The first in an occasional series. These comments will be limited to the Introduction and Chapter 1 (Reimagining the Self) of Carl Trueman's latest book, The Rise and Triumph of the Modern Self: Cultural Amnesia, Expressive Individualism, and the Road to Sexual Revolution (Crossway 2020).

Weighing in at 407 pages of measured prose with scores of footnotes, Rise and Triumph of the Modern Self initially strikes the reader as a work of original scholarship. It is not. Rather, it is a skillful reworking and application of the earlier works of three recent scholars: Charles Taylor, Alasdair MacIntyre, and Philip Rieff. 

Not without good reason, Trueman chooses the sexual revolution as the epitome of a 300-year progression on the road to the hallmark of our current age of expressive individualism, that is, a way of living where "each of us finds our meaning by giving expression to our own feelings and desires." (46) The indefectibility of one's chosen--not given--identity. Or, as Trueman puts it a few pages earlier echoing Plato, the triumph of poiesis over mimesis: the creation of the self out of the raw materials at hand instead of conforming oneself to the given order of the world. We--and by "we" Trueman means both contemporary Progressives and most conservatives--"are characterized not so much by finding identity in outward directed activities ... but rather in the inward quest for personal psychological happiness." (45)

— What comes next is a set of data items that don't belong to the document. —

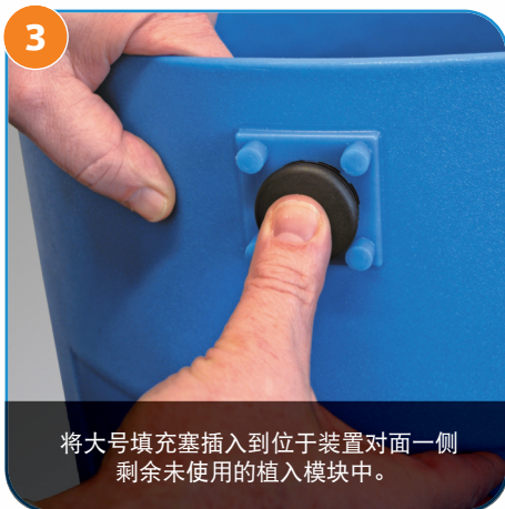
3 将大号填充塞插入到位于装置对面一侧剩余未使用的植入模块中。
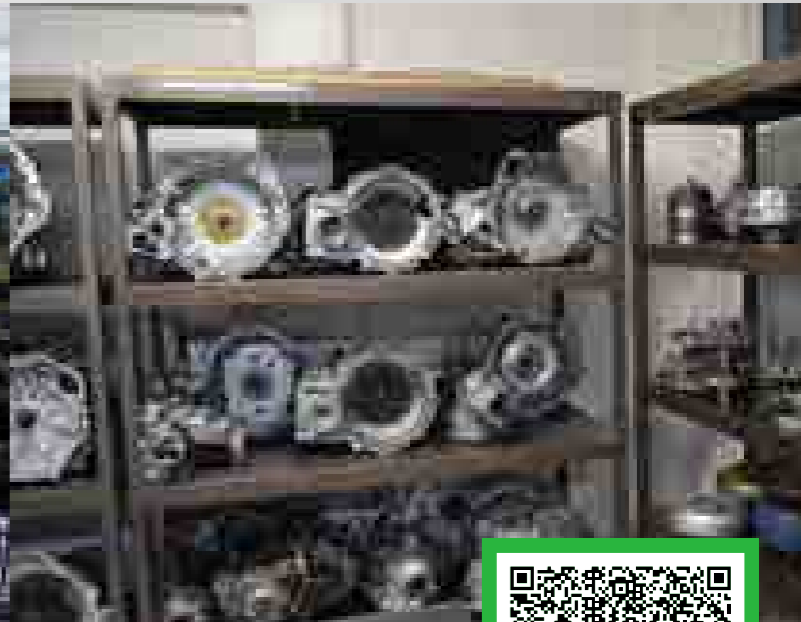
*Imágenes ilustrativas correspondientes a diversos planteles de Grupo ISIMA.

📍 Pino Suárez Sur No. 314, Col. 5 de Mayo, C.P. 50090, Toluca de Lerdo, México.
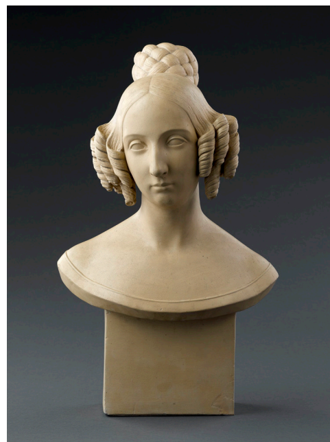
Marie d'Orléans, Buste de Louise d'Orléans, reine des Belges, musée Condé

Le Service des Musées et du Patrimoine culturel a pour mission de sauvegarder, mettre en valeur et développer le patrimoine culturel de la Province de Namur, qu'il soit mobilier ou immobilier, matériel ou immatériel. Le service, outre une cellule chargée de faire rayonner ce patrimoine culturel sur l'ensemble du territoire provincial et au travers des sites patrimoniaux de toutes les communes, comprend deux musées de renommée internationale : le TreM.a musée des Arts anciens, qui expose et valorise des collections de la fin du Moyen Âge et du début de la Renaissance (dont le célèbre Trésor d'Oignies), et le musée Félicien Rops, musée monographique qui met en lumière l'histoire et les artistes belges du XIX e siècle.
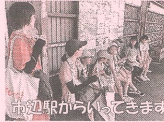
市辺駅からいってきます

市辺駅→八日市駅→八日市図書館→アピアの旅。 4班に分かれて真夏の電車旅をしました。 アピアではお小遣いで買い物したり鉄道ミュージアムを見学したりと、ワクワクがたくさん詰まった旅でした。
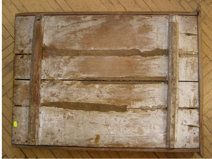
- verso-ul icoanei-
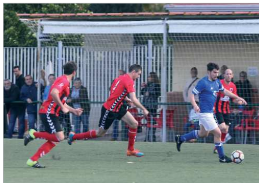
Jurado se lleva la pelota entre tres jugadores del Cartaya.

Las victorias ante la Olímpica Valverdeña y ante el Cartaya habían dado aire al San José. Ciertamente era que las diferencias respecto al peligro eran exiguas, pero el equipo había escalado hasta la
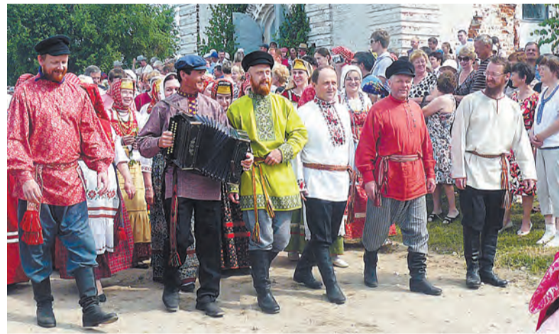
Проходка по деревне Макаровская.
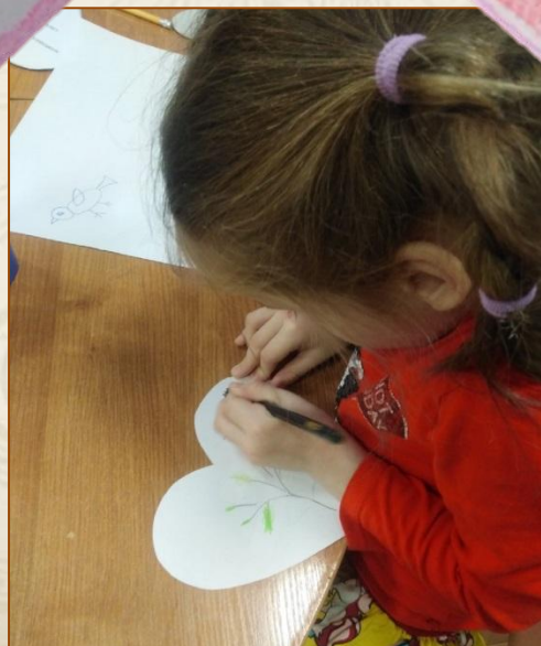
Иллюстрация Алисы Орловой, 4г
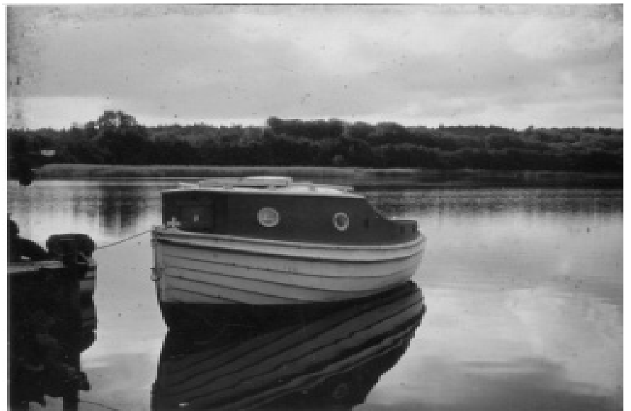
Elkærs båd i vandet
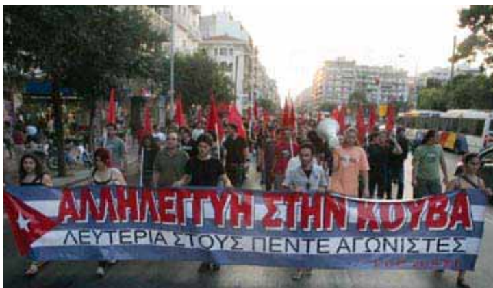
Демонстрация солидарности с Кубой, требованием которой является освобождение 5 кубинских патриотов из американской тюрьмы, организованная Партийной Организацией Салоник Коммунистической партии Греции
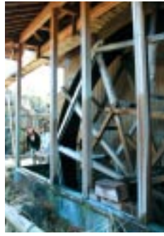
大きな水車が回ります。建物内部では製粉を行います。
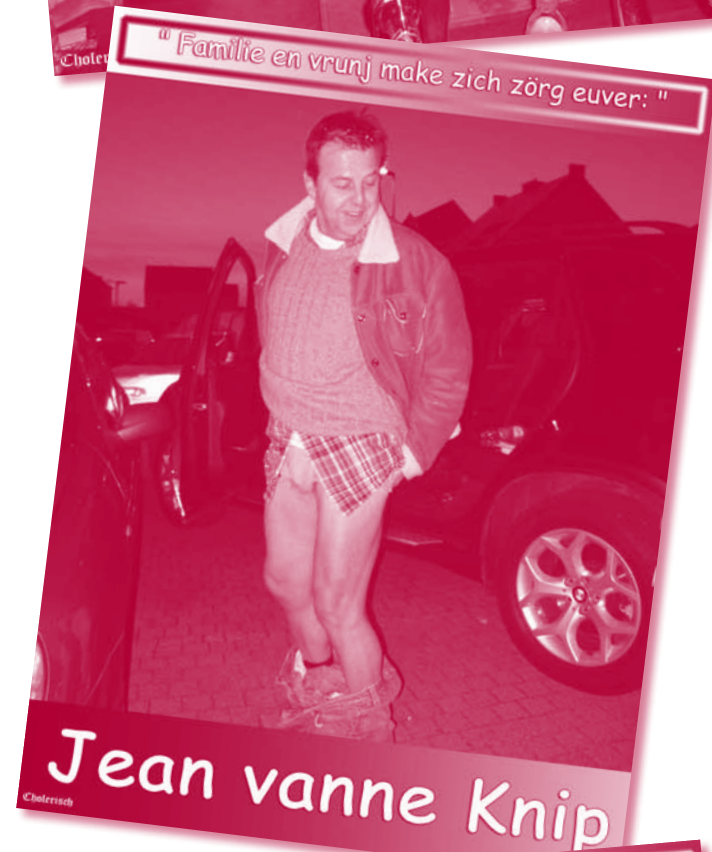
"Familie en vrunj make zich zörg euver: "

"Des nog niks, Pé. Ich hoop det de brouwer al langs is gewèest!"
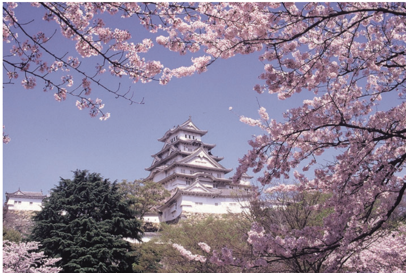
1993年12月 日本で初の世界文化遺産に指定された姫路城
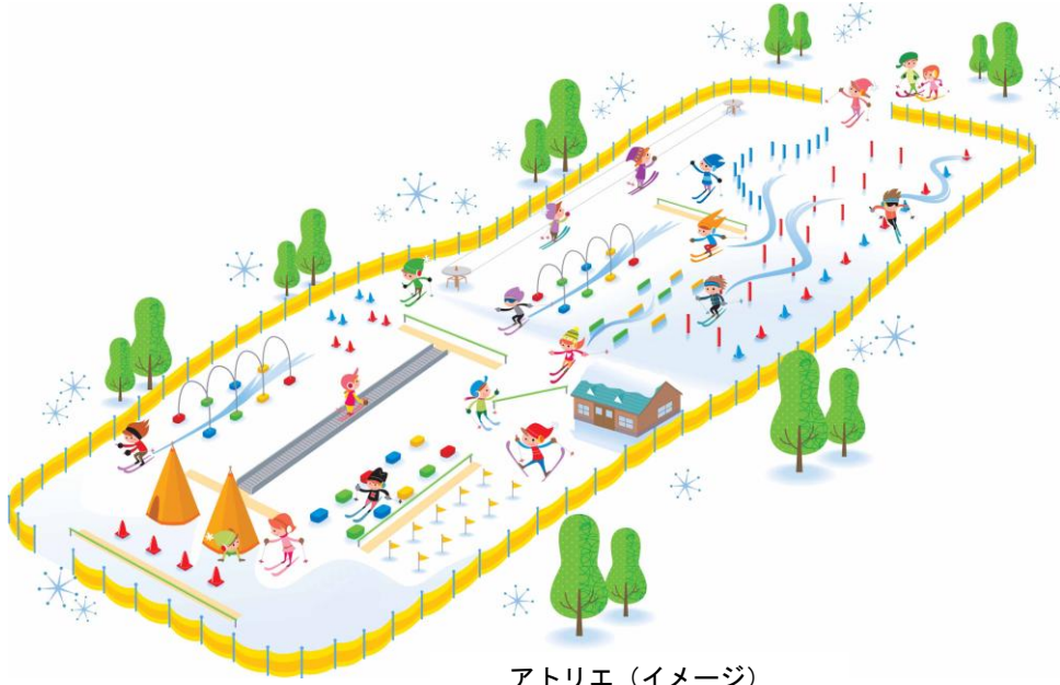
アトリエ (イメージ)
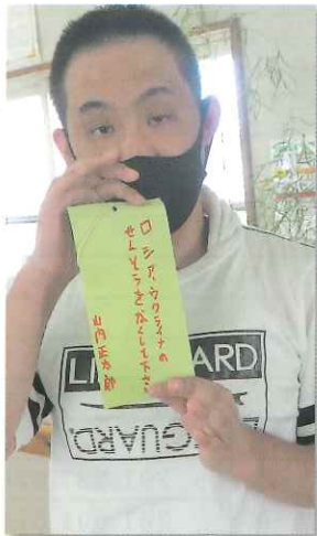
七夕の願い事です
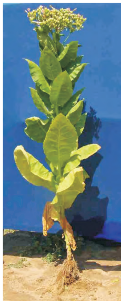
Слика 4. FL - 301 Photo 4 FL - 301

I have made fruitful use of Taylor and MacIntyre in this blog and in my legal scholarship. From Taylor, Trueman draws from the concept of social imaginary ("the way people think about the world, how they imagine it to be, [and] how they act intuitively in relation to it."). Rieff, in turn, provides insight into what makes contemporary Westerns tick, the turn to the psychological. What increasingly characterizes most Americans is "the inward quest for personal psychological happiness." MacIntyre does not feature in Rise and Triumph of the Modern Self until Chapter 2.

Trueman also explains why this inward psychologizing turn has outward social and political ramifications. The liberal test of a legal wrong, John Stuart Mills's harm principle, is psychologized. In other words, individuals are as equally harmed when their identities are subject to critical judgment as when their bodies are injured. Thus,

The intuitive moral structure of our modern social imaginary prioritizes victimhood, sees selfhood in psychological terms, regards traditional sexual codes as oppressive and life denying, and places a premium on the individual's right to define his or her own existence. (63)

Hence, safe spaces and pronoun policing.

Trueman affirms that the turn to expressive individualism is not a simplistic question of worldview. The contemporary social imaginary cannot be reduced to "a set of identifiable ideas." (37) Ideas are a part of the picture but do not function as arbiters of truth or guideposts to life for most people most of the time. Phenomena including technology and the increasing penetration of the market economy are more important than ideas. It is the forms of living that make previously incomprehensible ideas ("a girl trapped in a boy's body") plausible. As I suggested some years ago here, a social imaginary like expressive individualism need not be taught to be caught. 

In conclusion, Rise and Triumph of the Modern Self is off to a solid start.